Chutkan’s opinion is the first by a federal court to hold what probably seems obvious to most: A former president is not immune from criminal prosecution for crimes committed while serving as president.
This was no technical legal matter but a sweeping opinion written in language that leaned on the most sacred historical touchstones of American history: the founding ideals about the role of a king versus a president, the Federalist Papers and George Wahington. And the opinion was studded with pointed quotes about the nature of tyranny and the rule of law. (For example, from Justice Felix Frankfurter: “If one man can be allowed to determine for himself what is law, every man can. That means first chaos, then tyranny.”)
Here’s Chutkan’s already much-quoted summary of her decision:
“Whatever immunities a sitting President may enjoy, the United States has only one Chief Executive at a time, and that position does not confer a lifelong ‘get-out-of-jail-free’ pass. Former Presidents enjoy no special conditions on their federal criminal liability. Defendant may be subject to federal investigation, indictment, prosecution, conviction, and punishment for any criminal acts undertaken while in office.”

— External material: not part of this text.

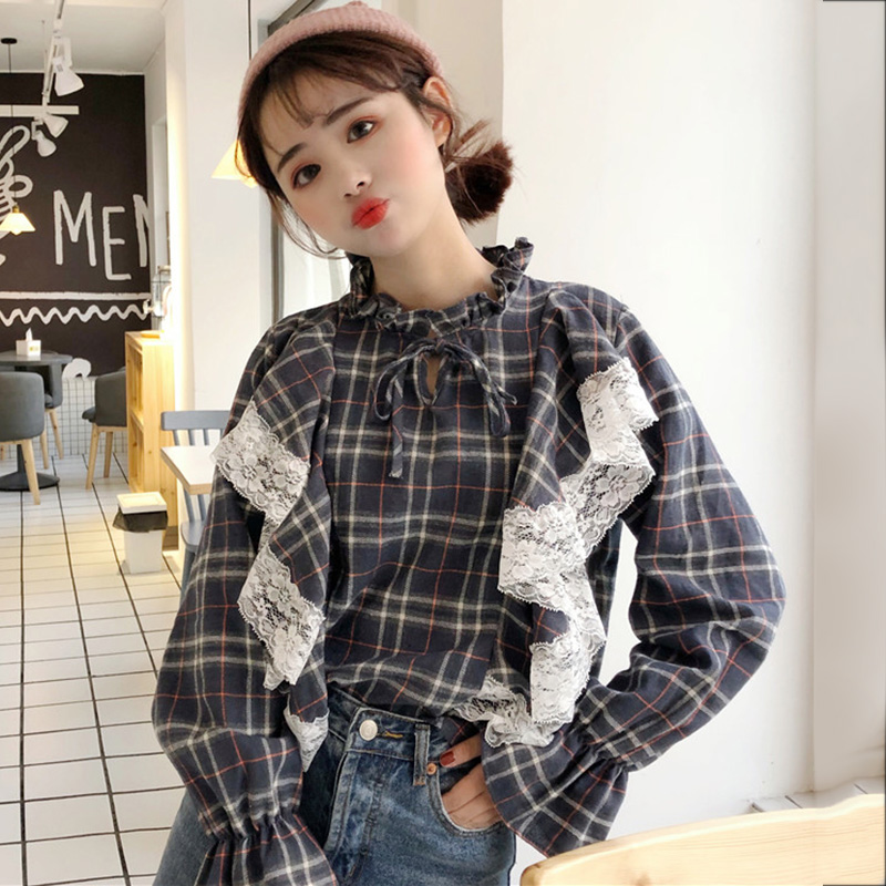 少女蕾絲荷葉邊襯衫2018秋裝新款學生甜美可愛燈籠長袖格子上衣潮

Here she is on Trump’s argument about impeachment:
“Under Defendant’s reading, if a President commits a crime that does not fall within that limited category, and so could not be impeached and convicted, the President could never be prosecuted for that crime. … The constitutional limits on impeachment’s penalties do not license a President’s criminal impunity.”

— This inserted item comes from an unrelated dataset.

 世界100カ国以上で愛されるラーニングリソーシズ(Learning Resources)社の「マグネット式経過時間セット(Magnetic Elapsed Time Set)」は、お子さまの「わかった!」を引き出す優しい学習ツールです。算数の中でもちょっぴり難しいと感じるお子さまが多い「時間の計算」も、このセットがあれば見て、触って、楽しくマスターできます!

On whether not immunizing criminal conduct would chill presidential action:
“Every President will face difficult decisions; whether to intentionally commit a federal crime should not be one of them.”
On whether future presidents will be overwhelmed with criminal prosecutions:
“As Defendant acknowledges, he is the only former President in United States history to face criminal charges for acts committed while in office. … Despite Defendant’s doomsaying, he points to no evidence that his criminal liability in this case will open the gates to a waiting flood of future federal prosecutions.”
She has no patience for what she sees as Trump’s patently absurd claims about the First Amendment shielding him:
“In his Constitutional Motion, Defendant first argues that the Indictment should be dismissed because it criminalizes his speech and therefore violates the First Amendment. But it is well established that the First Amendment does not protect speech that is used as an instrument of a crime, and consequently the Indictment — which charges Defendant with, among other things, making statements in furtherance of a crime — does not violate Defendant’s First Amendment rights.”
Again and again she comes back to the simple principle that all Americans are equal before the law and that Trump should be treated like anyone else when it comes to criminal conduct.
But what happens next could determine how true that is. Trump’s plan is to appeal this decision to the Supreme Court. The clock is now ticking. If the appeals court and then the Supreme Court drag things out and delay appeals of Chutkan’s historic decision, it could disrupt the schedule of the trial, which is slated to start March 4. If the higher courts expedite these appeals, the trial could start on time. If it wasn’t apparent already, it is now clear that the most important decision determining the course of the 2024 election could be one made by the Supreme Court.